For many years I warned friends and family against getting store credit cards, because I learned that they lower your credit scores. Now I read there are benefits that I was not aware, but can understand based on recent financial events in our lives. The banks, well, they've abused my trust in them, lowering my credit limit and then increasing my interest rate because I'm too close to the limit. Adversely affecting my credit score and then raising my rates again because of the score they caused. Twice in 6 months. Just burns me up.

Following is helpful information I found on Channel 19. Gentle but solid information.

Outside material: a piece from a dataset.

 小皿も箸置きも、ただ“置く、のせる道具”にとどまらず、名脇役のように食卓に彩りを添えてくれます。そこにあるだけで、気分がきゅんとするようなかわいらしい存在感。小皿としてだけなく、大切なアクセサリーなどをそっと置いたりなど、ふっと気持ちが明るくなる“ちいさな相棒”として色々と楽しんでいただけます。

Store-branded credit cards have never gotten much respect -- often for good reason. The sky-high interest rates and short grace periods that often accompany the cards don't do consumers any favors. And because they're often touted as a quick way to save 10 percent or 15 percent on a purchase, people rack them up quickly, to the detriment of their credit scores, says Scott Crawford, co-founder of DebtGoal.com.* "Because they're a hard inquiry on your credit file, which can cost you about 30 points on your score, taking out these cards can drive down your score pretty significantly," he says.

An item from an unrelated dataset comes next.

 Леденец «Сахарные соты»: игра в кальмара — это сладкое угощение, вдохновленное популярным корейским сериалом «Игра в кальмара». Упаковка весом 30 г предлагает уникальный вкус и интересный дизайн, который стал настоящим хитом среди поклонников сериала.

That said, there are times when a store card may be a boon. If you're a savvy, responsible shopper who pays bills on time and in full, you might be able to reap significant benefits from store cards. Here are four reasons you might want to give a store card a second look.

1. You need to build (or rebuild) your credit. If you're someone with a "thin credit file," or you're trying to start fresh after a bankruptcy, your options are few. A crummy economy likely means that major card issuers will be even more skittish about extending credit to risky borrowers. In some cases, a store card may be one of your only options. "If you're trying to build your credit, the typical route has been to get a store or gas card," says Liz Weston, author of "Easy Money" and "Your Credit Score." "Traditionally, those have been easier to get. Though that's not always the case, it may be worth looking into." Once you've built up a few months' history, though, she recommends branching out into a card from a major issuer.

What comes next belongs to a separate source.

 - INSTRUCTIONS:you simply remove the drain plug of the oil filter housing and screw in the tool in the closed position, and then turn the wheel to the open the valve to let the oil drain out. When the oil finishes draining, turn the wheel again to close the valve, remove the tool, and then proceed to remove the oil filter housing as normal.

2. You can save big on a one-time purchase. If your purchase is in the thousands of dollars -- think furniture and remodeling projects and supplies -- that 10 percent discount can make a big difference. "If you've got excellent credit, you're not going to be in the market for a new loan, and you've got a purchase where the savings from the card would be more than $100, go for it," says Crawford.

3. You buy from the store frequently (and will use the coupons and perks). A one-time savings of $10 or $20 usually isn't worth a credit inquiry and the hassle of filling out forms. That said, if the store is one that you go to regularly anyway, the deals and ongoing perks may be valuable enough for you to sign up, says Scott Bilker, founder of DebtSmart.com. "If the store has good prices, a lot of stuff you like, and discounts that you'll use, then having the store card is a good idea," he says. Some stores include deals such as free alterations and gift wrapping that may also be useful.

Before you take the leap, though, Bilker recommends doing some comparison shopping: You may be able to get the same perks just by signing up for a store newsletter or getting rewards from a regular credit card.

4. You can get interest-free financing. In addition to discounts, some stores may offer interest-free financing -- a perk that may be worth it if you're doing it for convenience, not necessity, says Crawford. "Interest rate concessions for six months or a year can be a great deal for big purchases -- as long as it doesn't get away from you," he adds. "The savings from interest-free financing for six months disappears pretty quickly if you pay 28 percent for a year after that."

By Erin Peterson Credit Cards.com

Some additional things to consider

It's too easy to spend money when you have more cards. Kimberly Penney of Kent, Wash., never gets the store card. She says, "I don't want to be tempted to use it later on, so I just don't open it."

Opening a new credit card can ding your credit score rating. If you're not expecting to refinance your house or borrow money in the near future, that may not be big deal. But if opening a new account causes a 10-point drop right before you apply for a loan, it can cost you plenty. Andy Jolls, CEO of Videocreditscore.com, a credit scoring educational site, gives the example of saving $45 on your current purchase -- only to pay about that much more every month on your new home loan because you didn't qualify for the lowest interest rate. In a worst-case scenario, you could pay $15,480 more over the life of your loan just to save $45 dollars at the checkout counter. It's hard to think of a worse deal than that!

It's one more card to keep track of and have open. An open card, especially one opened with another person, can come back to haunt you years later. You should never have more cards open than you can easily remember and keep track of.

"It's one more card to worry about identity theft on," says Jolls. If anyone ever steals or forges your driver's license, for instance, they can go to the store, present ID, and use your account.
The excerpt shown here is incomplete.